ゲーマーとメタバース
米マイクロソフトのゲーム部門CEOで、Xbox事業を統括するフィル・スペンサー氏はブルームバーグのインタビューで、メタバースとP2Eゲームに対する自身の考えを語った。
Ready to go in the wayback machine? Microsoft Gaming CEO Phil Spencer was manning a computer store's Bulletin Board Service in the 80s and cruising in a Ford Pinto. More on his journey from Microsoft intern to gaming CEO on Studio 1.0 with @emilychangtv https://t.co/BciRbGuB6B pic.twitter.com/QHYeuoxTpH
— Bloomberg Technology (@technology) August 25, 2022
ゲーマーの中にはメタバース(仮想空間)を歓迎しない向きもあるのではという質問に対し、同氏はメタバースとは「3Dの共有世界」であり、「ゲーマーはこの30年間、メタバース空間にいた」という解釈を披露。ゲーム空間では、すでにアバターを駆使し、共有された世界の中で、あらゆる場所の誰とでも会話が可能になっているため、今更メタバースと言われても困惑するゲーマーが多いことには驚かないと述べた。

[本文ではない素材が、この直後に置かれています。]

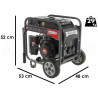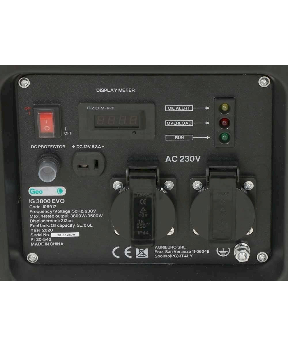 Der Stromgenerator Geotech iG 3800 EVO ist eine sehr praktische und einfach zu bedienende Maschine. Er lässt sich tatsächlich auch leicht transportieren dank seiner beiden Räder und der einklappbaren Griffe. Der Generator kann eine maximale Leistung von 3,8 kW abgeben. Außerdem hat er einen 4-Takt Benzinmotor EURO V zu 212 cc , der eine Nennleistung von 7,5 PS erbringen kann.
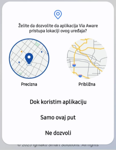 2. Pristup lokaciji uređaja. Ova dozvola omogućava aplikaciji da preuzima podatke od GPS senzora Vašeg uređaja.
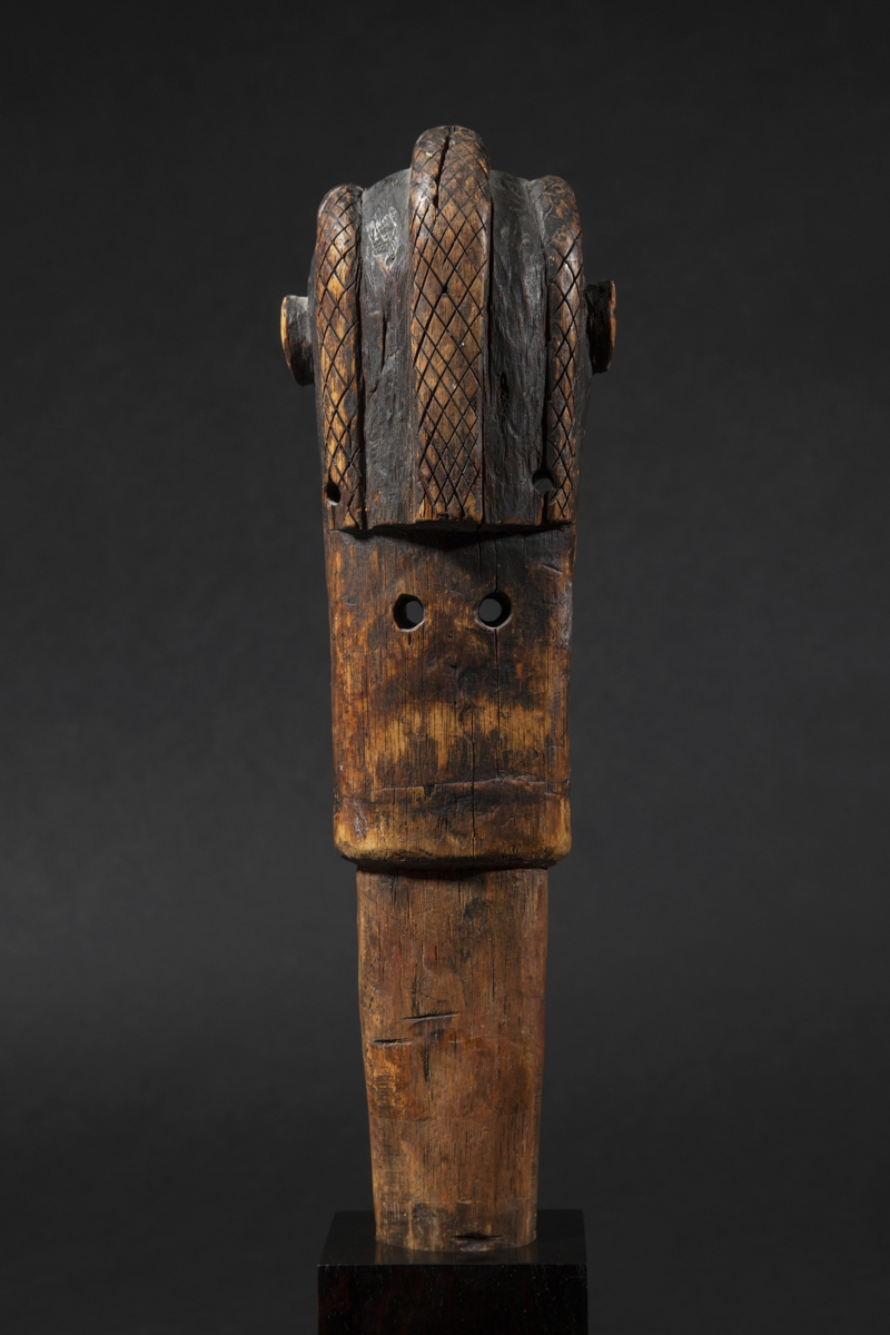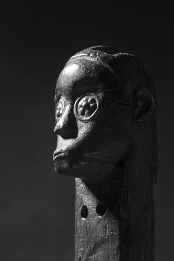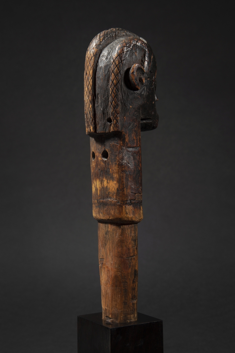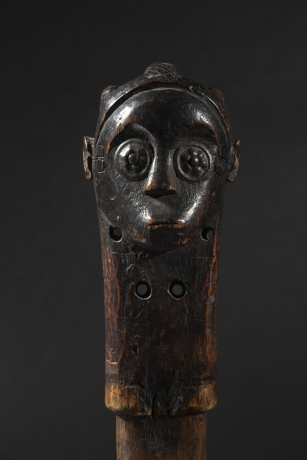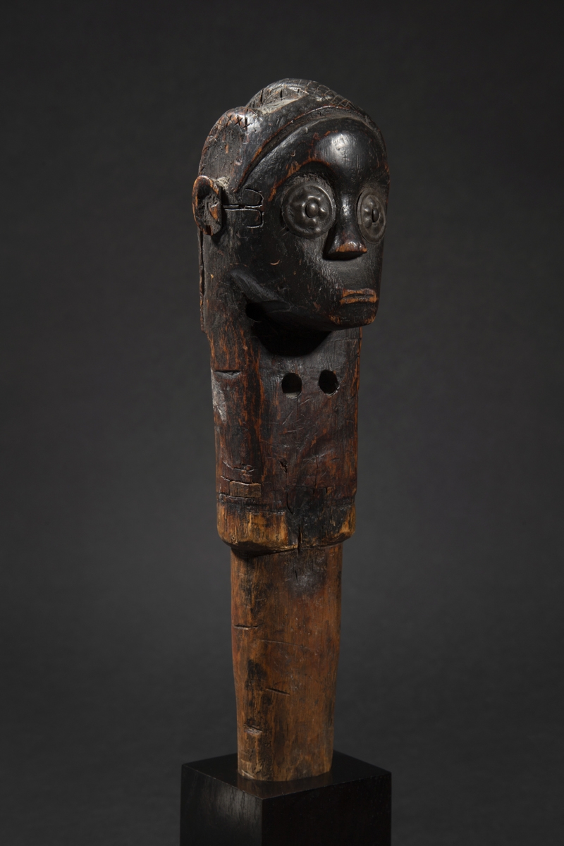 Cette sculpture figurant un visage humain empreint de hiératisme constituait la partie supérieure d’un instrument de musique rituel, la harpe-arquée nommée ñgomi chez les Fang du Gabon.

一方、メタバースを事業という観点から見ると、ゲームデザイナーやクリエーターのスキルは非常に重要な意味を持ってくると主張。マイクロソフトのサティア・ナデラCEOがメタバースに強い意欲を見せるのもそのためだと述べた。
メタバースとは
インターネット上に構築された、多人数参加型の3次元仮想現実世界のこと。アバターを使ってゲームや音楽のライブ、オンラインカンファレンスに参加できるなど、様々な領域で活用が期待されている。
▶️仮想通貨用語集
マイクロソフトは今年1月、米ゲーム大手企業アクティビジョン・ブリザードを約9.4兆円(687億ドル)で買収すると発表。同社にとって過去最大規模の買収だが、モバイル分野に強いアクティビジョンを傘下に置くことで、デバイスを跨いだゲーミング事業の成長を加速させることが狙いであり、同時に「メタバースに欠かせない要素」も獲得できると説明した。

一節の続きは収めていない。